The enclosure of the voice allowed for a dynamic of power. Ventriloquists who are described as squeaking, muttering and whispering in earlier centuries suddenly begin to conceive of their art as one requiring and producing enormous physical energies. Ventriloquism became the fantasy of vocal power, centred on the trained control of the breath. Where ventriloquism had once been strongly identified with women, nineteenth-century guides to ventriloquism, like that of George Smith, were doubtful that women could ever be successful as ventriloquists.
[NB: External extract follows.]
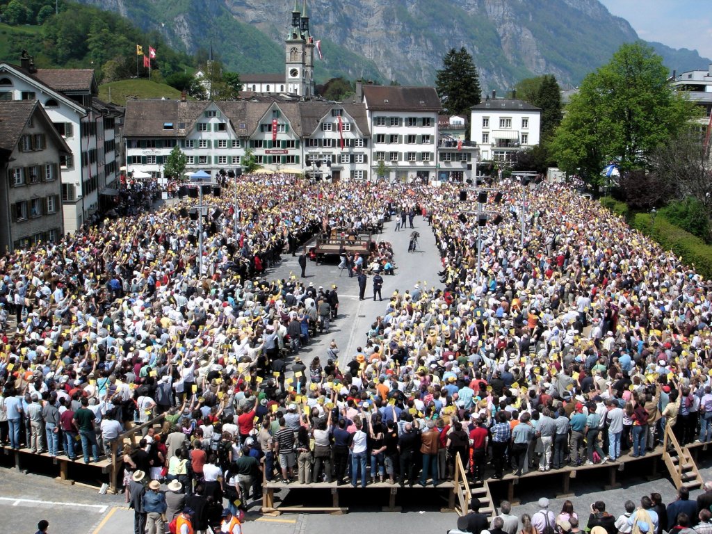 PS Në foto, Asambleja e Kantonit të Glarusit (popullsia rreth 40.000), në vitin 2006, që vendosi ndryshimin e hartës territoriale dhe shkrirjen e 25 bashkive në 3 bashki.

It has been remarked by physiologists, that in those cases in which the ventriloquial effects have been produced by the female organs of speech, there has always been a marked deficiency of power, that the artificial voices have been imperfectly defined, and that in number they have rarely exceeded two or three. (Smith 1856, 13n)

Writing in 1861, G.W. Kirbye agreed, saying of female ventriloquism that `the effect that it produces on their vocal organs has a tendency to almost deprive them of the power of speech. There always has been a great deficiency, or lack of power in the female voice’ (Kirbye 1861, 5). The guides to ventriloquism which multiplied in the later nineteenth century similarly emphasise the qualities of strength and vigour required of the voice, along with the necessity of continuous care for the vocal organs. As late as 1921, the ventriloquist Arthur Prince was recommending deep breathing at an open window every morning for the aspirant ventriloquist, and insisting on an elaborate routine of oral hygiene, involving regular douching of the nose, and massaging of the throat and jaws (Prince 1921, 20-7).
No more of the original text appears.